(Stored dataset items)
+ + + + +
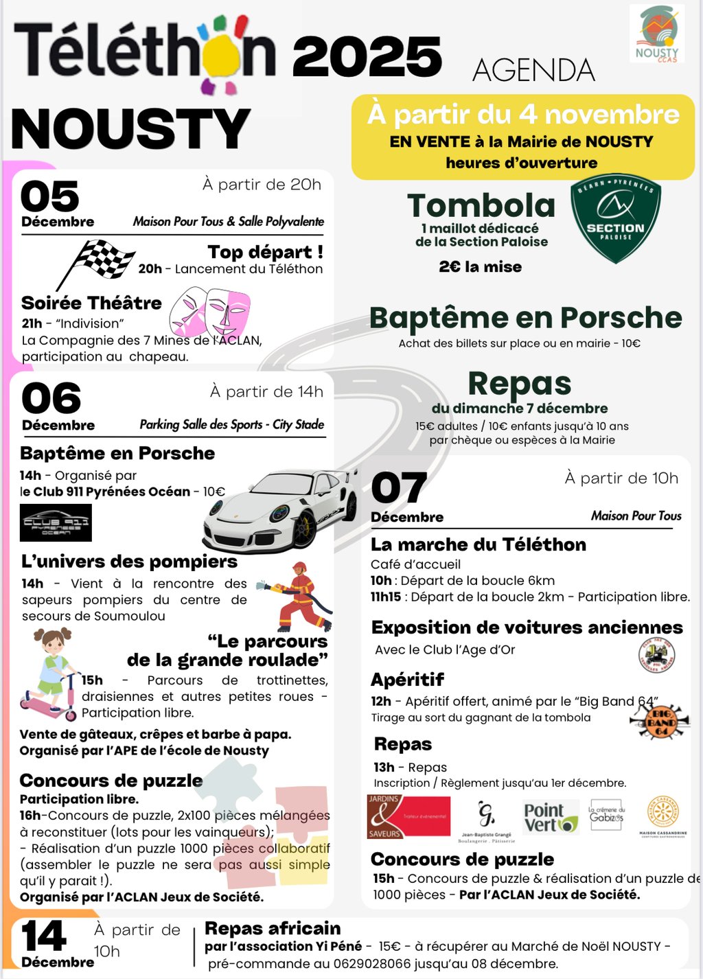 - samedi 6 décembre : la Grande Roulade organisée par l’APE, un concours de Puzzle, par la section des Jeux de Société de l’ACLAN, et des animations par les pompiers du centre de secours de Soumoulou;
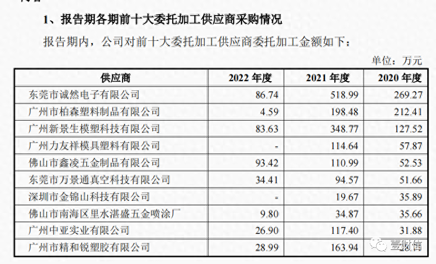 值得注意的是,招股书主要原材料采购及占比情况表披露,报告期内腾龙健康采购的主要原材料为塑胶原料、电子元器件和五金。2021年、2022年,腾龙健康采购五金的金额分别为2,651.33万元和3,264.68万元。
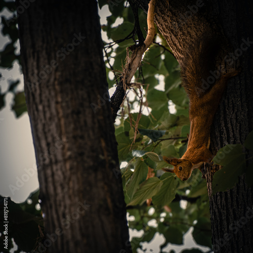 Squirrel perched on a tree trunk in Central Park, Skopje
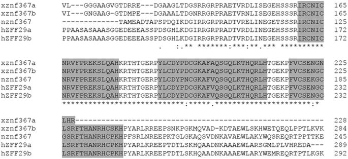 Figure 1. Multiple sequence alignments of znf367 amino acid sequences. The gray boxes highlighted the conserved zinc-fingers binding domains of znf367 from X. laevis (both splicing variants znf367a and znf367b), human (both splicing variants ZFF29a and ZFF29b) and N. furzeri (n) obtained using Clustal Omega.
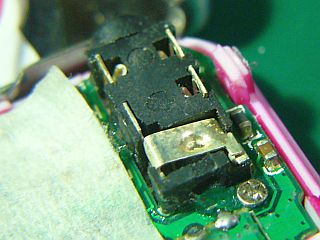 それは兎も角として、イヤフォンが使えない理由を探ったら、“端子電極の剥がれ”だった。(左写真)
+ + + + +
Exercise prompt: Pictures do not belong in the copy. Output all of the records exactly.

Result for this exercise:
 - samedi 6 décembre : la Grande Roulade organisée par l’APE, un concours de Puzzle, par la section des Jeux de Société de l’ACLAN, et des animations par les pompiers du centre de secours de Soumoulou;
 值得注意的是,招股书主要原材料采购及占比情况表披露,报告期内腾龙健康采购的主要原材料为塑胶原料、电子元器件和五金。2021年、2022年,腾龙健康采购五金的金额分别为2,651.33万元和3,264.68万元。
 Squirrel perched on a tree trunk in Central Park, Skopje
 Figure 1. Multiple sequence alignments of znf367 amino acid sequences. The gray boxes highlighted the conserved zinc-fingers binding domains of znf367 from X. laevis (both splicing variants znf367a and znf367b), human (both splicing variants ZFF29a and ZFF29b) and N. furzeri (n) obtained using Clustal Omega.
 それは兎も角として、イヤフォンが使えない理由を探ったら、“端子電極の剥がれ”だった。(左写真)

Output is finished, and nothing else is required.